Altered regulation of the cell cycle is a hallmark of human cancers (4 , 5) . The cell cycle is governed by cdks, the activity of which is regulated by the binding of positive effectors, the cyclins (6 , 7) , and by negative regulators, the cdk inhibitors (8 , 9) . The cdks integrate mitogenic and growth inhibitory signals and coordinate cell cycle transitions (6 , 7) .

p27, a member of the cip/kip family of cdk inhibitors, plays a pivotal role in cell cycle regulation from the G₁ to S phase by inhibiting cdk4/6-cyclin D1 and cdk2-cyclin E (8) . Regulation of this protein occurs primarily at the posttranslational level by proteasomal degradation (10) . A decrease or lack of p27 has been reported to correlate with shorter survival or to be a negative prognostic factor in many kinds of tumors, including NSCLCs (see Ref. 11 for a review). The proliferation index is a potent biological marker that estimates the growth of neoplasms quantitatively and has been reported to aid in determining the prognosis of patients with NSCLCs (12, 13, 14) . Therefore, it is intriguing to examine primary NSCLCs for loss of p27 expression and the growth fraction determined by the Ki-67 LI.

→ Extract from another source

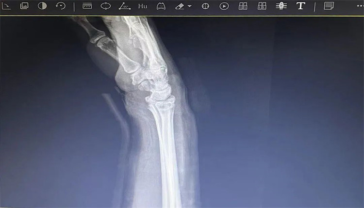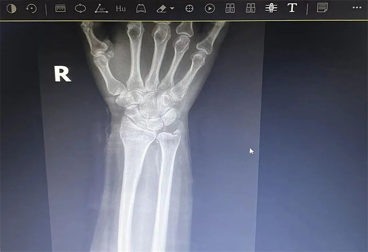 患者老年女性,50多歲,在騎電動車停下時因電動車倒下,右手著地,當(dāng)即感覺,右腕及骶尾部腫痛伴右關(guān)節(jié)畸形、活動受限,急來我院就診。門診醫(yī)師結(jié)合病史、查體及輔助檢查后,診斷為:右橈尺骨遠(yuǎn)端骨折、骶尾部挫傷并收入住院部。

We have previously reported alterations of regulator molecules of the G₁-S-phase transition, including p53, RB, p16^INK4A, and cyclin D1, and their biological and clinical importance in resected NSCLCs (15, 16, 17, 18, 19) . Moreover, we have recently demonstrated by immunohistochemistry that patients with curatively resected NSCLCs having high-level expression of cyclin E survived for a significantly shorter time than those with tumors having a low level of cyclin E expression (20) . In a previous study, we also showed that altered ras expression was an independent unfavorable prognostic factor in surgically resected NSCLCs (21) . It has been shown that ras function is required as an upstream regulator for down-regulation of p27 in vitro (22) .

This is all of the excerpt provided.